There is no error but there is a subtlety. Note: In the second edition of ISLR model selection is discussed on pages 232-235 [1].
Let's start by deriving the log-likelihood for linear regression as it's at the heart of this question.
The likelihood is a product of Normal densities. Evaluated at the MLE:
$$
\hat{L} = \prod_{i=1}^n\frac{1}{\sqrt{2\pi\hat{\sigma}^2}}\exp\left\{-\frac{(y_i - \hat{y}_i)^2}{2\hat{\sigma}^2}\right\}
$$
where n is the number of data points and $\hat{y}_i$ is the prediction, so $y_i - \hat{y}_i$ is the residual.
We take the log and keep track of constants as they are important later on.
$$
\log(\hat{L}) = -\frac{n}{2}\log(2\pi\hat{\sigma}^2) - \sum_{i=1}^n \frac{-(y_i - \hat{y}_i)^2}{2\hat{\sigma}^2} = -\frac{n}{2}\log(2\pi\hat{\sigma}^2) - \frac{RSS}{2\hat{\sigma}^2}
$$
where RSS is the residual sum of squares.
What about the MLE $\hat{\sigma}^2$ of the error variance $\sigma^2$? It's also a function of the RSS.
$$
\hat{\sigma}^2 = \frac{RSS}{n}
$$
And here is the subtle point. For model selection with AIC and BIC ISLR uses the $\hat{\sigma}^2$ from the full model to compare all nested models. Let's call this residual variance $\hat{\sigma}^2_{full}$ for clarity.
Finally we write down the Bayesian information criterion (BIC). d is the number of fixed effects.
$$
BIC = -2 \log(\hat{L}) + \log(n)d = n\log(2\pi\hat{\sigma}^2_{full}) + \frac{RSS}{\hat{\sigma}^2_{full}} + \log(n)d \\ = c_0 + c_1\left(RSS + \log(n)d\hat{\sigma}^2_{full}\right)
$$
This is Equation (6.3) in ISLR up to two constants, $c_0$ and $c_1=\hat{\sigma}^{-2}_{full}$, that are the same for all models under consideration. ISLR also divides BIC by the sample size n.
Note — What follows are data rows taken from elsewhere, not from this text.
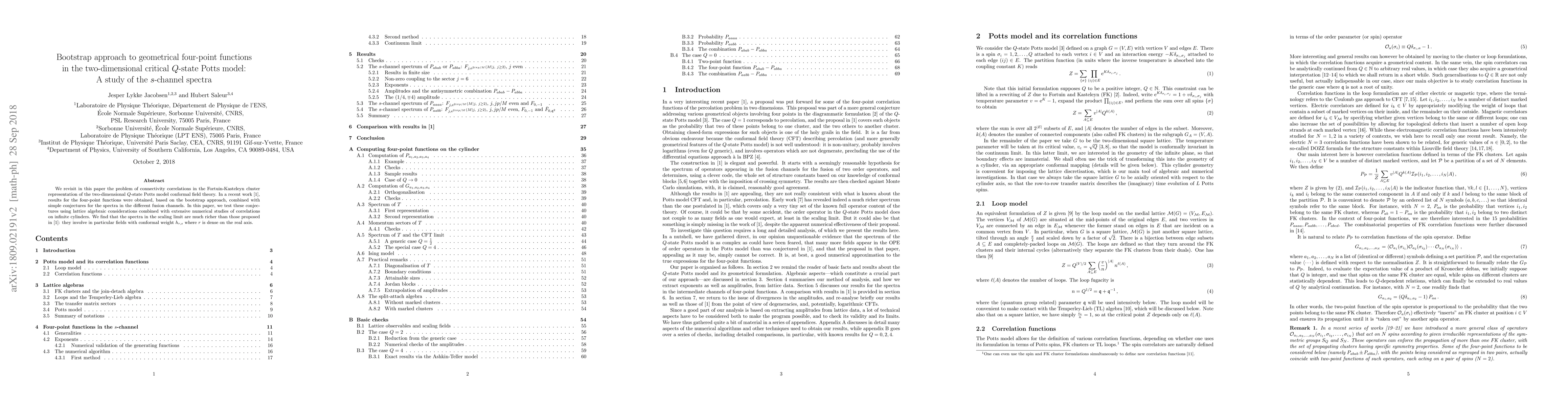 This paper examines the connectivity correlations in the two-dimensional $Q$-state Potts model using the bootstrap approach and lattice algebraic methods. It finds that the $s$-channel spectra are more complex than previously conjectured, revealing dense sets of fields with conformal weights.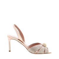Elegant sandal set on a comfortable 75mm stiletto heel. Three leather straps on the toes adorned with rhinestones criss-crossing with a crystal-studded accessory in the centre. Crafted in Petal leather, Leather sole. Made in Italy.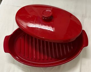 Papilotte Emile Henry in ceramica rossa. Papilotte di Emile Henry è lo strumento da cottura ideale per cucinare ogni tipo di pesce al cartoccio. La pirofila Emile Henry passa direttamente dal forno al tavolo in lavastoviglie, Il fondo rialzato e scanalato permette al piatto di cuocere bene ugualmente anche alla base. Resiste alle alte temperature così come alle basse temperature, ideale quindi non solo per cucinare, ma anche per congelare. Misure: 41x24x10 cm Lavabile in lavastovigliey - Forma ovale. - Design con griglia interna.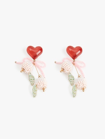 Büyük Boy Boncuklu Meyve Detaylı Fiyonklu Sallantılı Kalp Küpe Sepete Ekle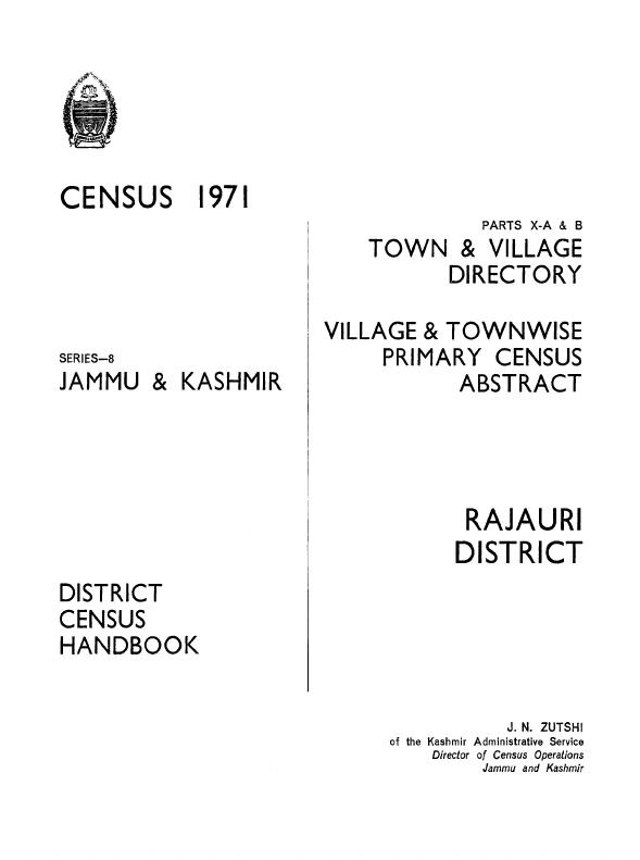 District Census Handbook, Rajauri, Parts X-A & B, Series-8 - Census 1971

What if we want to estimate $\sigma^2$ separately for each model? Then we plug in the MLE $\hat{\sigma}^2$ = RSS/n and we get the "more popular" formulation. We add 1 to the number of parameters because we estimate the error variance plus the d fixed effects.
$$
BIC = n\log(2\pi\hat{\sigma}^2) + \frac{RSS}{\hat{\sigma}^2} + \log(n)(d+1)\\
= n\log(2\pi RSS/n) + \frac{RSS}{RSS/n} + \log(n)(d+1)\\
= c^*_0 + n\log(RSS) + \log(n)(d+1)
$$
The residual sum of squares RSS is the same in both versions of the BIC. [Since the effect estimates are $\hat{\beta} = (X'X)^{-1}X'Y$ and the predictions $X(X'X)^{-1}X'Y$ don't depend on $\sigma^2$.]
[1] G. James, D. Witten, T. Hastie, and R. Tibshirani. An Introduction to Statistical Learning with Applications in R. Springer, 2nd edition, 2021. Available online.